Your answer should hold only the lines from the one with "The Kold S Automatic" through the end of the records, repeated exactly and minus any pictures.

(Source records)
+ + + + +

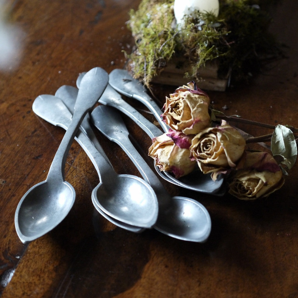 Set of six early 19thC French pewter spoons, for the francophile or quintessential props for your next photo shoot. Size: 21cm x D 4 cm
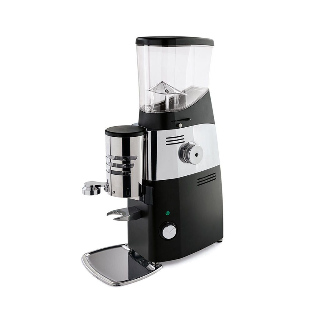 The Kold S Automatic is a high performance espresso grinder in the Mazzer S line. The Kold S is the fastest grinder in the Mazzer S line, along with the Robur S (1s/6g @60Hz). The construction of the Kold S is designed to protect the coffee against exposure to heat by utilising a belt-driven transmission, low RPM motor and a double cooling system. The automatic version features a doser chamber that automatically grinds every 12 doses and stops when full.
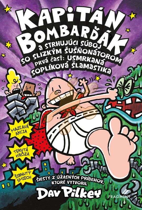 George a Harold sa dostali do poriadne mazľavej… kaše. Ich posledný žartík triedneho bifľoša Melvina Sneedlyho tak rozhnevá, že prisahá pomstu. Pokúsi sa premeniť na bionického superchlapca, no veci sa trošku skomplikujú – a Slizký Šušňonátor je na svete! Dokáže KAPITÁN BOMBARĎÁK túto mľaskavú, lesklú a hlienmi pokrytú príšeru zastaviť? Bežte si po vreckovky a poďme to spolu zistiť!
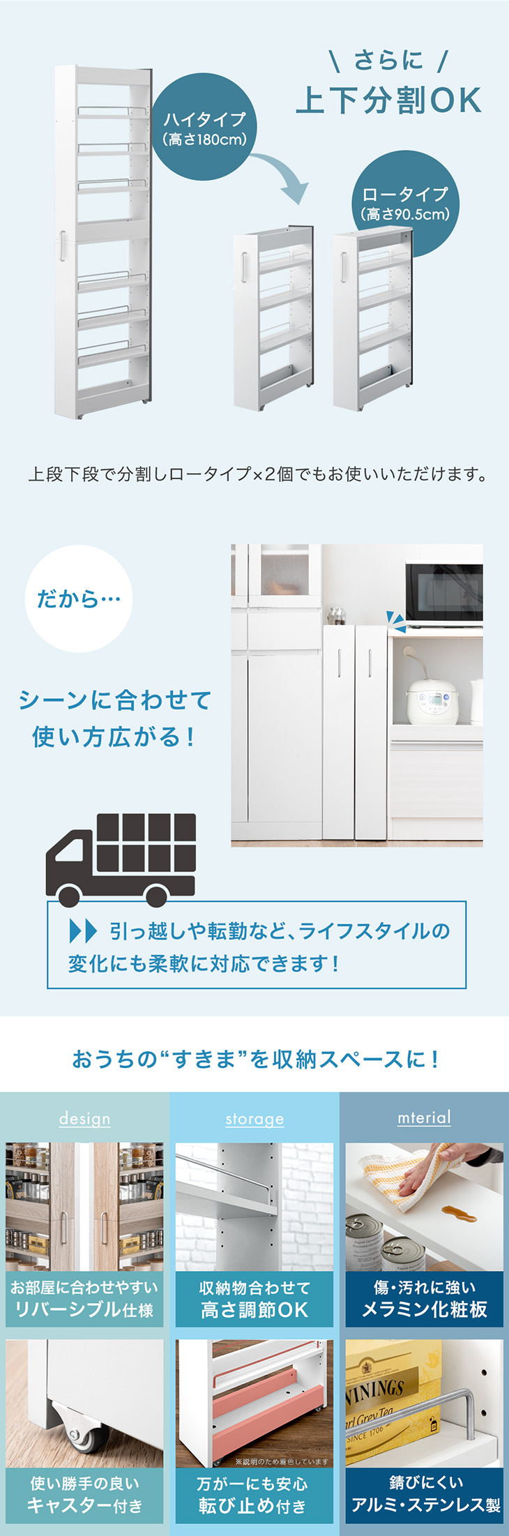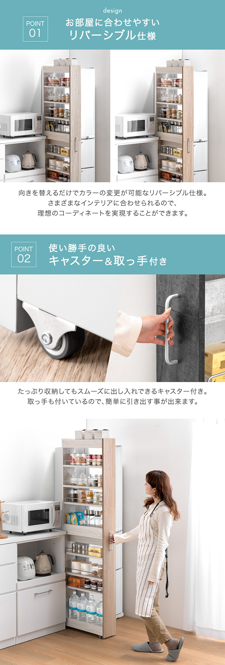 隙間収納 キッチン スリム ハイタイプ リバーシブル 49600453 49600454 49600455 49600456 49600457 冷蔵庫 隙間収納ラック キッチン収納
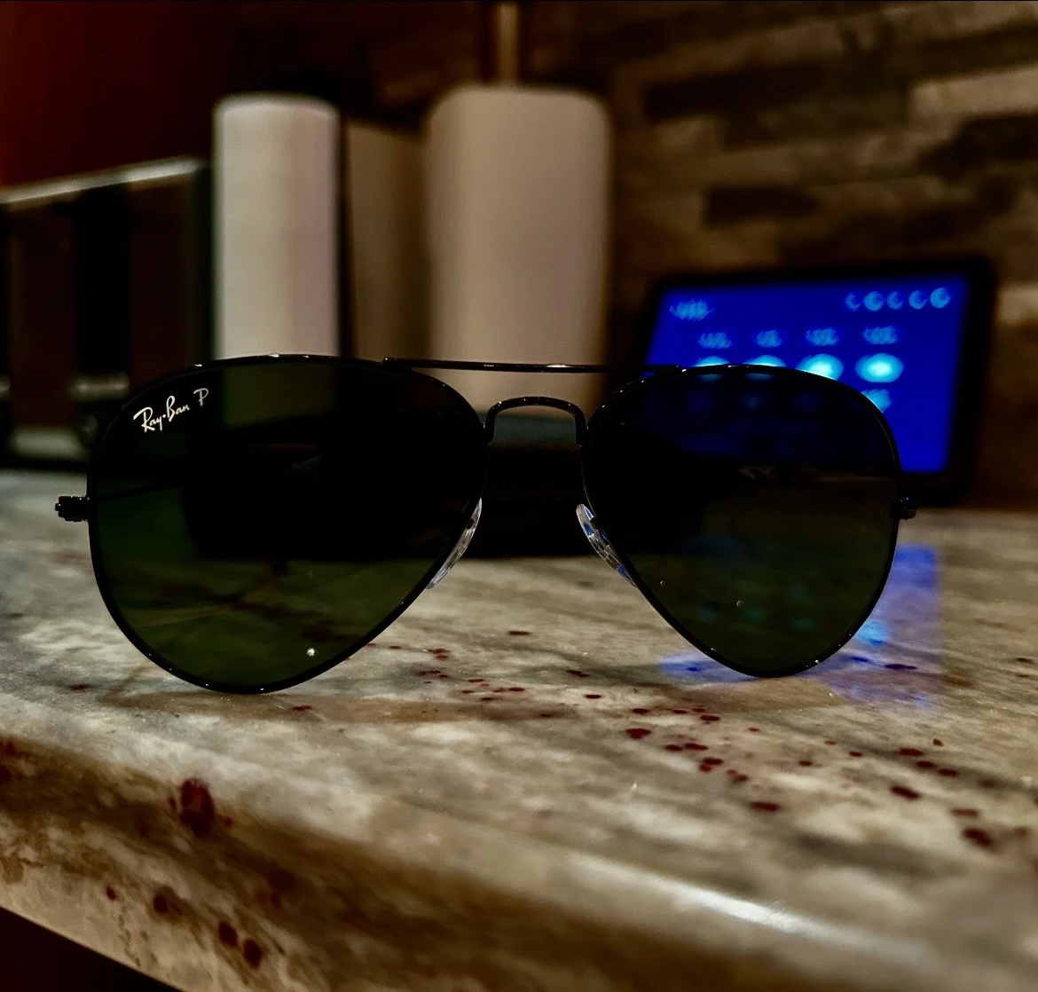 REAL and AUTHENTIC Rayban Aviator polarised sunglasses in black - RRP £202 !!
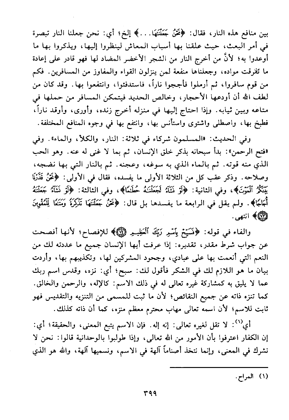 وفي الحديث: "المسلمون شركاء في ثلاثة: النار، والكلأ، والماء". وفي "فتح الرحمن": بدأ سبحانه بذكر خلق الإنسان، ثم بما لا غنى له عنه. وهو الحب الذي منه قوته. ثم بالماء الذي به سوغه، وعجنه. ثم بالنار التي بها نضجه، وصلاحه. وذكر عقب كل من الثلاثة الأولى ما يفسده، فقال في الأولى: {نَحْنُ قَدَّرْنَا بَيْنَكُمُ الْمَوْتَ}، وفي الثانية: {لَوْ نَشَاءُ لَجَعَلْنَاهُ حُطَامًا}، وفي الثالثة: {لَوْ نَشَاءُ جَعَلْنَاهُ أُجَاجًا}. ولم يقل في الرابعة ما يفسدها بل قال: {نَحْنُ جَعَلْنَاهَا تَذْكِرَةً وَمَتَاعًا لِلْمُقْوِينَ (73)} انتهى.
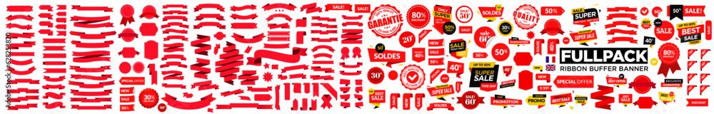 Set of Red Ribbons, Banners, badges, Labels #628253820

+ + + + +

[YOUR SOLUTION]
 The Kold S Automatic is a high performance espresso grinder in the Mazzer S line. The Kold S is the fastest grinder in the Mazzer S line, along with the Robur S (1s/6g @60Hz). The construction of the Kold S is designed to protect the coffee against exposure to heat by utilising a belt-driven transmission, low RPM motor and a double cooling system. The automatic version features a doser chamber that automatically grinds every 12 doses and stops when full.
 George a Harold sa dostali do poriadne mazľavej… kaše. Ich posledný žartík triedneho bifľoša Melvina Sneedlyho tak rozhnevá, že prisahá pomstu. Pokúsi sa premeniť na bionického superchlapca, no veci sa trošku skomplikujú – a Slizký Šušňonátor je na svete! Dokáže KAPITÁN BOMBARĎÁK túto mľaskavú, lesklú a hlienmi pokrytú príšeru zastaviť? Bežte si po vreckovky a poďme to spolu zistiť!
 隙間収納 キッチン スリム ハイタイプ リバーシブル 49600453 49600454 49600455 49600456 49600457 冷蔵庫 隙間収納ラック キッチン収納
 REAL and AUTHENTIC Rayban Aviator polarised sunglasses in black - RRP £202 !!
 وفي الحديث: "المسلمون شركاء في ثلاثة: النار، والكلأ، والماء". وفي "فتح الرحمن": بدأ سبحانه بذكر خلق الإنسان، ثم بما لا غنى له عنه. وهو الحب الذي منه قوته. ثم بالماء الذي به سوغه، وعجنه. ثم بالنار التي بها نضجه، وصلاحه. وذكر عقب كل من الثلاثة الأولى ما يفسده، فقال في الأولى: {نَحْنُ قَدَّرْنَا بَيْنَكُمُ الْمَوْتَ}، وفي الثانية: {لَوْ نَشَاءُ لَجَعَلْنَاهُ حُطَامًا}، وفي الثالثة: {لَوْ نَشَاءُ جَعَلْنَاهُ أُجَاجًا}. ولم يقل في الرابعة ما يفسدها بل قال: {نَحْنُ جَعَلْنَاهَا تَذْكِرَةً وَمَتَاعًا لِلْمُقْوِينَ (73)} انتهى.
 Set of Red Ribbons, Banners, badges, Labels #628253820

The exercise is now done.